WORK INSTRUCTION:
Begin at the line that has "purebred Gypsy Vanner stallion", stop after the line that has "Villa Les Cygnes, relevé", and print exactly those lines from the records below, without any pictures.

PROVIDED INFORMATION:
·····

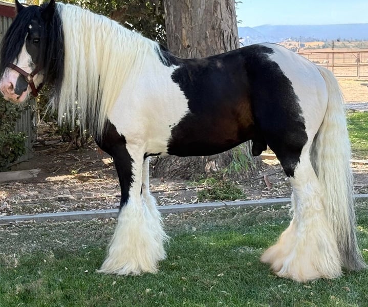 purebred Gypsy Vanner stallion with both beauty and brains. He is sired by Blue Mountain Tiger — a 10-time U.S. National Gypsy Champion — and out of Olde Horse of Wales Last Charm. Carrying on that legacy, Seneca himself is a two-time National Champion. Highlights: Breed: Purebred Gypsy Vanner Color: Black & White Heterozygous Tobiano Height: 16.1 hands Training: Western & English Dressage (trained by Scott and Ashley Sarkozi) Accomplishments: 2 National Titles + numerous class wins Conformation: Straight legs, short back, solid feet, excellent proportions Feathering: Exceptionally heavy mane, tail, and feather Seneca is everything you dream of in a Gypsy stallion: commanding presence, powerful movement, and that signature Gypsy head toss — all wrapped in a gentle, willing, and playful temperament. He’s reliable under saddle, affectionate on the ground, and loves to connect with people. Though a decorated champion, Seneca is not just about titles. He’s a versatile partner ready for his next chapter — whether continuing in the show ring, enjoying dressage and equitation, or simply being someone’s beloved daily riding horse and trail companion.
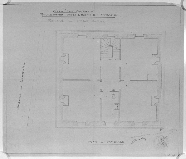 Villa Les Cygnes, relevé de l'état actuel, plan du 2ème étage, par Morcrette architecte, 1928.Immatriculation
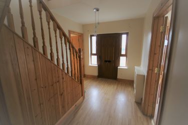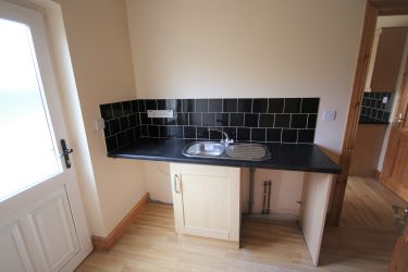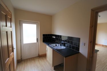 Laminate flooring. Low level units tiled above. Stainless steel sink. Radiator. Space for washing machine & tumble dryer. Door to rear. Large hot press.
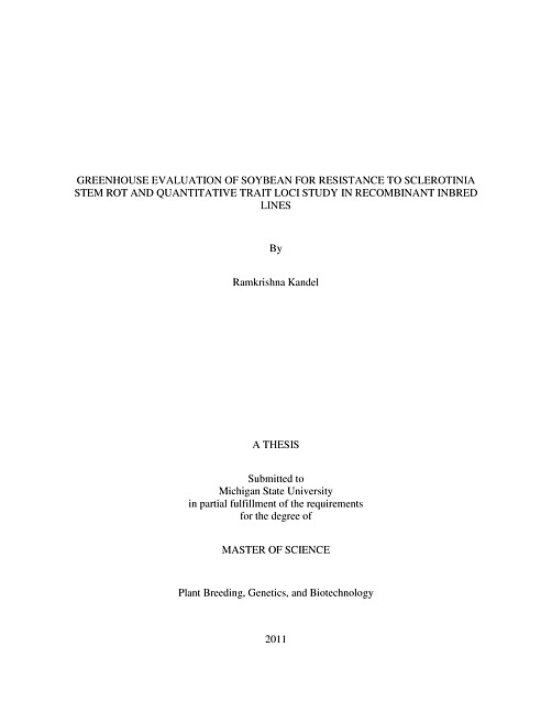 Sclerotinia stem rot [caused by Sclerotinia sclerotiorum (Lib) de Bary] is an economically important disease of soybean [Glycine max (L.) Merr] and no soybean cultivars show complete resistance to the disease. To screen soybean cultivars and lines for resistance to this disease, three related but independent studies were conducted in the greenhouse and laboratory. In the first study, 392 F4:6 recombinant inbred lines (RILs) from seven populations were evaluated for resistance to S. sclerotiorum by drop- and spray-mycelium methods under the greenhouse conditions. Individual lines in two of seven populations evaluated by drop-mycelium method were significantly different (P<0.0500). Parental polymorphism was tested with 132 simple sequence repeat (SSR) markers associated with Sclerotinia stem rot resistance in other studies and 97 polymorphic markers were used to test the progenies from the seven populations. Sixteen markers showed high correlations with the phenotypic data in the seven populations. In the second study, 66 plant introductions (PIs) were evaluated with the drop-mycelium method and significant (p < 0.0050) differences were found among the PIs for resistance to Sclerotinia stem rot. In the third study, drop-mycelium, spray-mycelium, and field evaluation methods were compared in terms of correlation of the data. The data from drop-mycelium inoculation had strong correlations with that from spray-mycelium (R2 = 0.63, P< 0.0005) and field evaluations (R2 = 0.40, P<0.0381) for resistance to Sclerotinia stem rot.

·····

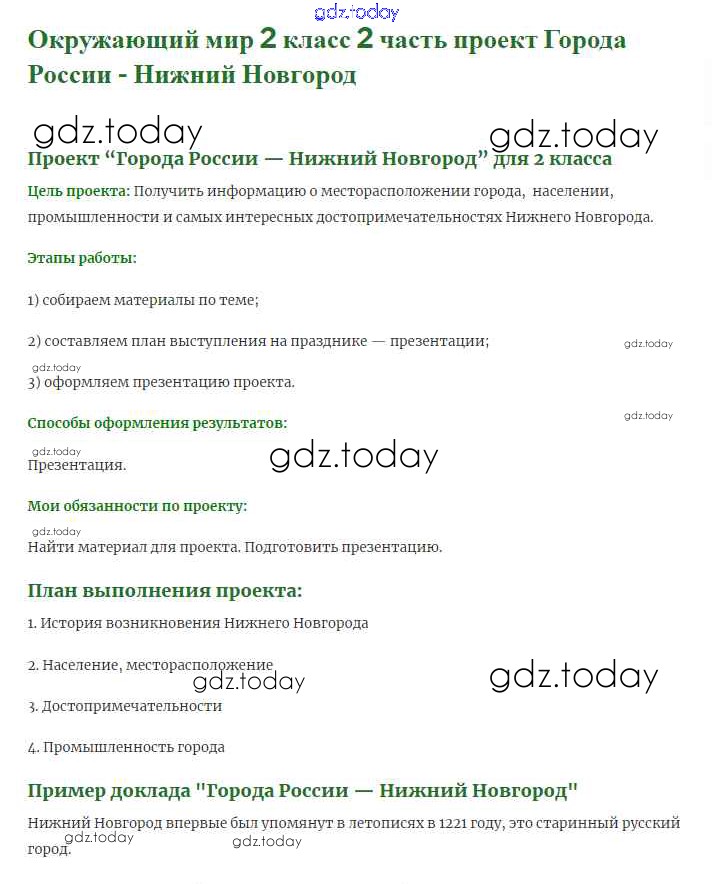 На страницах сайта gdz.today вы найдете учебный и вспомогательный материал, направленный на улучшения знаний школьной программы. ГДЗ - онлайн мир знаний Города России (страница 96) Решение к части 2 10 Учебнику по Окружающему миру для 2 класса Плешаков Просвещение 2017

·····

ANSWER TO THIS PROBLEM:
 purebred Gypsy Vanner stallion with both beauty and brains. He is sired by Blue Mountain Tiger — a 10-time U.S. National Gypsy Champion — and out of Olde Horse of Wales Last Charm. Carrying on that legacy, Seneca himself is a two-time National Champion. Highlights: Breed: Purebred Gypsy Vanner Color: Black & White Heterozygous Tobiano Height: 16.1 hands Training: Western & English Dressage (trained by Scott and Ashley Sarkozi) Accomplishments: 2 National Titles + numerous class wins Conformation: Straight legs, short back, solid feet, excellent proportions Feathering: Exceptionally heavy mane, tail, and feather Seneca is everything you dream of in a Gypsy stallion: commanding presence, powerful movement, and that signature Gypsy head toss — all wrapped in a gentle, willing, and playful temperament. He’s reliable under saddle, affectionate on the ground, and loves to connect with people. Though a decorated champion, Seneca is not just about titles. He’s a versatile partner ready for his next chapter — whether continuing in the show ring, enjoying dressage and equitation, or simply being someone’s beloved daily riding horse and trail companion.
 Villa Les Cygnes, relevé de l'état actuel, plan du 2ème étage, par Morcrette architecte, 1928.Immatriculation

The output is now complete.